On Tue, Sep 15, 2009 at 3:13 PM, Barney Frank <[email protected]>wrote:
....
> **** This is despite the fact that I set hbase.pause to be 25 ms and the
> retries.number = 2. ****
>
>
Yeah, this is down in guts of the hadoop rpc we use. Around connection
setup it has its own config. that is not well aligned with ours (ours being
the retries and pause settings)
The maxretriies down in ipc is
this.maxRetries = conf.getInt("ipc.client.connect.max.retries", 10);
Thats for an IOE other than timeout. For timeout, it does this:
} catch (SocketTimeoutException toe) {
/* The max number of retries is 45,
* which amounts to 20s*45 = 15 minutes retries.
*/
handleConnectionFailure(timeoutFailures++, 45, toe);
Let me file an issue to address the above. The retries should be our
retries... and in here it has a hardcoded 1000ms that instead should be our
pause.... Not hard to fix.
> I restart the Master and RegionServer and then send more client requests
> through HTablePool. It has the same "Retrying to connect to server:"

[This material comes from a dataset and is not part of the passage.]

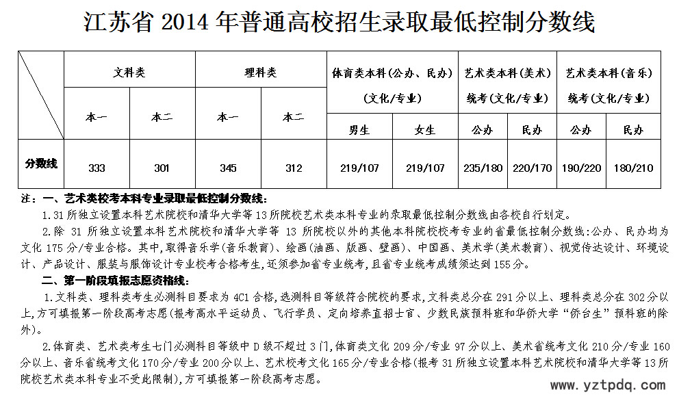 2014年6月24日下午,江蘇省高校招生委員會召開會議,審議通過了2014年江蘇省普通高校招生第一階段錄取各批次省最低控制分數線。其中,文科:一本333、二本301;理科:一本345、二本312;藝術(文化/專業)公本235/180、民本220/170; 體育(文/專)男219/107、女219/107。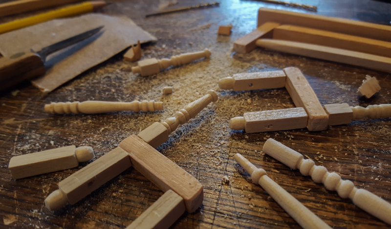 I made the table and chairs out of pieces of wood, including small turned balusters that are sold to make doll house stairs.

> messages. I noticed that the port number it is using is the old port for
> the region server and not the new one assigned after the restart. The
> HbaseClient does not seem to recover unless I restart the client app. When
> I do not use HTablePool and only Htable it works fine.
>
We've not done work to make the pool ride over a restart.
> Two issues:
> 1) Setting and using hbase.client.pause and hbase.client.retries.number
> parameters. I have rarely gotten them to work. It seems to default to 2
> sec and 10 retries no matter if I overwrite the defaults on the client and
> the server. Yes, I made sure my client doesn't have anything in the
> classpath it might pick-up.
> <property>
> <name>hbase.client.pause</name>
> <value>20</value>
> </property>
> <property>
> <name>hbase.client.retries.number</name>
> <value>2</value>
> </property>
>
Please make an issue for this and I'll investigate. I"ve already added note
to an existing HBaseClient ipc issue and will fix above items as part of it.
> 2) Running HTablePool under Pseudo mode, the client doesn't seem to refresh
> with the new regionserver port after the master/regions are back up. It
> gets "stuck" with the info from the settings prior to the master goin down.
>
> I would appreciate any thoughts or help.
>
You need to use the pool? Your app is highly threaded and all are
connecting to hbase (hundreds)?
St.Ack